Läuft sa-learn auch mit diesem Warning oder ist "sa-update --no-gpg" ein Muss, damit es läuft weil es mit Warning streikt? Übrigens steht im Skript einmal "elif". Heißt das wirklich so oder müsste das nicht eher "elseif" heissen?


----------



## fuxifux (7. Juni 2010)

Ob das irgendwie sa-learn auch betrifft weiss ich nicht, das Problem mit gpg hatte ich nicht.
Ev. funktioniert sa-update ja auch mit der Warnung.

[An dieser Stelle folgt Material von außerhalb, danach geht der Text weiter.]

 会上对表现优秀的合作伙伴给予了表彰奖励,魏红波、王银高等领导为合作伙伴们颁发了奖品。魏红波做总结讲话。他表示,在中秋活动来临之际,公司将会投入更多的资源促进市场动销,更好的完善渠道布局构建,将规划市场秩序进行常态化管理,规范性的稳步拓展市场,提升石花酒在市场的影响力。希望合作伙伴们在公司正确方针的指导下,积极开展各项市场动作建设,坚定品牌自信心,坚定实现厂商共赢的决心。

hmmm... das skript ist nicht von mir.
Da ich das skript mit '/usr/sbin/sa-updater.sh &> /dev/null'
aufrufe und im ohne Update kein Mail verschicke würde ich das nur bemerken, wenn ich es über die Konsole aufrufe, ein Update geladen wird und trotzdem die Meldung 'No update available..' kommt... ich glaub' ich lass es einfach so wie es ist...


----------



## hahni (7. Juni 2010)

Subjektiv gesehen scheint es wirklich weniger Spam als vorher zu sein. Sehr löblich die ganze Sache. Vielen Dank fuxifux für deine Unterstützung. Die Maschine war von 8.04LTS auf 10.04LTS hochgezogen. Die anderen Kisten mit 8.04LTS hatten das Problem nicht.


----------



## fischer-ttd (12. Juni 2010)

*Fehler | ISP Config 2.2.36 SpamAssassin*

SpamAssassin funktioniert nach dem Update auf die aktuelle Version nicht mehr. Betrachte ich die Quelletext der eingehenden Nachrichten, so findet sich kein Hinweis auf SpamAssassin.

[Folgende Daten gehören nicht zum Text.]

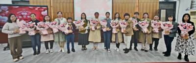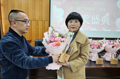 > 庆祝"三八"妇女节 表彰魅力女教师 男教师献花祝贺

Folgende Eingaben brachten wie bei den Vorschreibern die Lösung zum Problem:

1.)  /home/admispconfig/ispconfig/tools/spamassassin/usr/bin/sa-update 	

brachte den Hinweis:

Unsicheres Besitzverhältnis des Home-Verzeichnis `/home/admispconfig/ispconfig/tools/spamassassin/etc/mail/spamassassin/sa-update-keys'

Anschliessend habe ich nun:

2. ) /home/admispconfig/ispconfig/tools/spamassassin/usr/bin/sa-update --no-gpg

ausgeführt und mir von einem anderen Mail-Account eine Nachricht geschickt.

SpamAssassin funktioniert wieder.


----------



## hahni (12. Juni 2010)

Ich habe mal "/home/admispconfig/ispconfig/tools/spamassassin/usr/bin/sa-update  --no-gpg" ausgeführt. Das hatte ich bisher weggelassen. Mal sehen, ob sich das Spamaufkommen noch ein weiteres Mal reduziert bzw. die Zuordnung noch präziser stimmt.


----------



## fischer-ttd (12. Juni 2010)

Bjoern..

Du kannst ja auch den Selbstversuch machen..Einfach Dir selbst eine Mail über den Server schicken.

Taucht dann im Header der Mail Spamassasin auf, so arbeitet dieser wieder einwandfrei.

Sollte Dir das Ergebnis nicht ausreichen, kannst Du über die postfix.conf eigene Spamlisten verschiedener Anbieter einbinden.


----------